Потом девушка начала разбирать вторую пачку писем; эти письма были полны уверений в любви, несомненно продиктованных истинной страстью, но в то же время в них сквозило лукавство, которое мужчины часто считают позволительным, имея дело с женщинами. Джудит пролила много слез, читая первые письма, но сейчас негодование и гордость заставили ее сдержаться. Рука ее, однако, задрожала, и холодок пробежал по всему ее телу, когда она заметила в этих письмах поразительное сходство с любовными посланиями, адресованными когда-то ей самой. Один раз она даже отложила их в сторону и уткнулась головой в колени, содрогаясь от рыданий. Все это время Зверобой молча, но внимательно наблюдал за ней. Прочитав письмо, Джудит передавала его молодому человеку, а сама принималась за следующее. Но это ничего не могло дать ему; он совсем не умел читать. Тем не менее он отчасти угадывал, какие страсти боролись в душе красивого создания, сидевшего рядом с ним, и отдельные фразы, вырывавшиеся у Джудит, позволяли ему приблизиться к истине гораздо больше, чем это могло быть приятно девушке.
Джудит начала с самых ранних писем, и это помогло ей понять заключавшуюся в них историю, ибо они были заботливо подобраны в хронологическом порядке, и всякий, взявший на себя труд просмотреть их, узнал бы грустную повесть удовлетворенной страсти, сменившейся холодностью и, наконец, отвращением. Лишь только Джудит отыскала ключ к содержанию писем, ее нетерпение не желало больше мириться ни с какими отсрочками, и она быстро пробегала глазами страницу за страницей. Скоро Джудит узнала печальную истину о падении своей матери и о каре, постигшей ее. В одном из писем Джудит неожиданно нашла указание на точную дату своего рождения. Ей даже стало известно, что ее красивое имя дал ей отец — человек, воспоминание о котором было так слабо, что его можно было принять скорее за сновидение. О рождении Хетти упоминалось лишь однажды; ей имя дала мать. Но еще задолго до появления на свет другой дочери показались первые признаки холодности, предвещавшие последовавший вскоре разрыв.

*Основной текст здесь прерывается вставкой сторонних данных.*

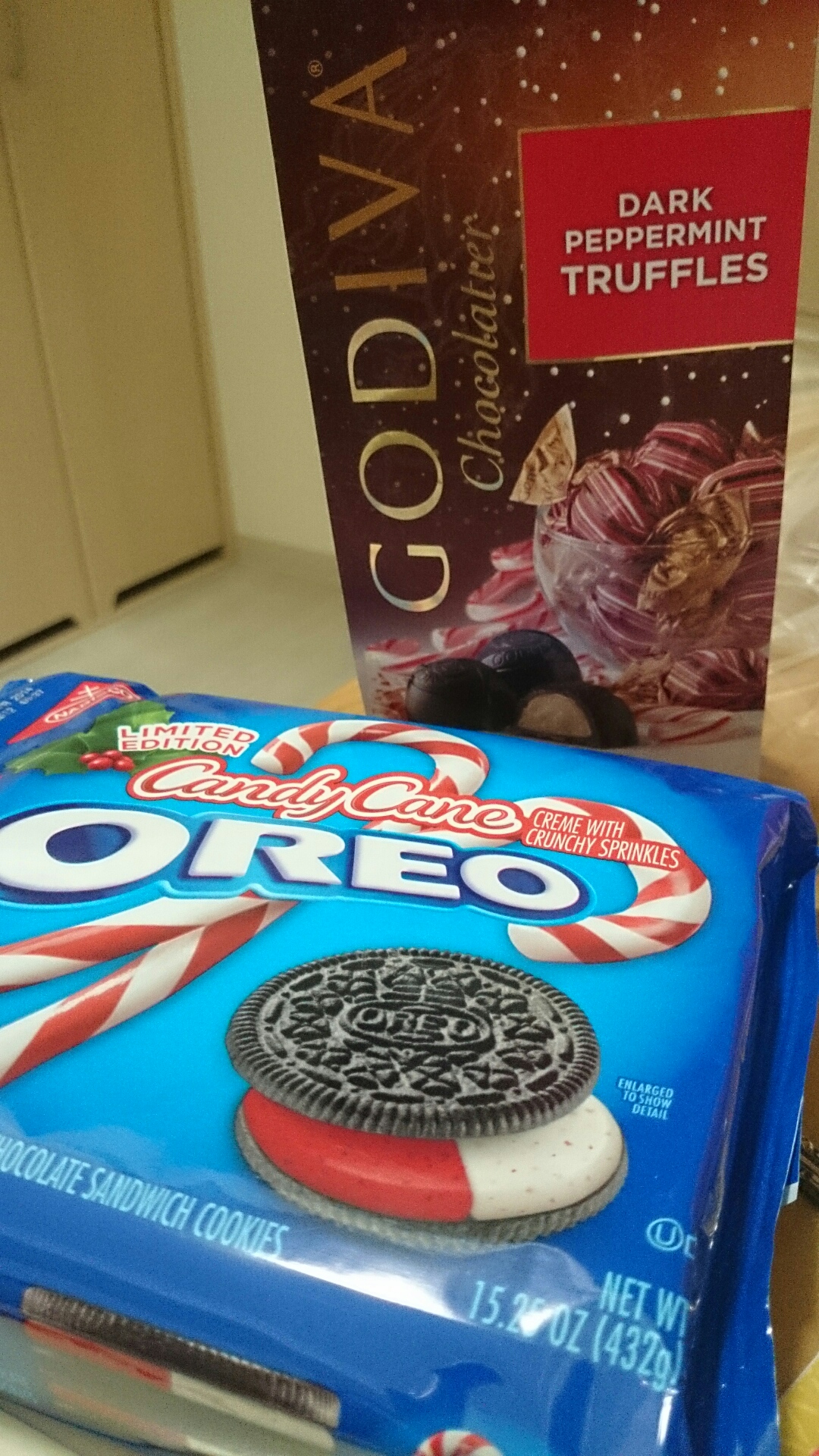 オレオのミント味、何故か色が赤いのが衝撃でした。

С той поры мать, очевидно, решила оставлять у себя копии своих писем. Копий этих было немного, но все они красноречиво говорили о чувствах оскорбленной любви и сердечного раскаяния. Джудит долго плакала, пока наконец не должна была отложить эти письма в сторону; она буквально ослепла от слез. Однако вскоре она снова взялась за чтение. Наконец ей удалось добраться до писем, которыми, по всей вероятности, закончилась переписка ее родителей.
Так прошел целый час, ибо пришлось просмотреть более сотни писем и штук двадцать прочитать от первой строки до последней. Теперь проницательная Джудит знала уже всю правду о рождении своем и сестры. Она содрогнулась. Ей показалось, что она оторвана от всего света, и ей остается лишь одно — провести всю свою дальнейшую жизнь на озере, где она видела столько радостных и столько горестных дней.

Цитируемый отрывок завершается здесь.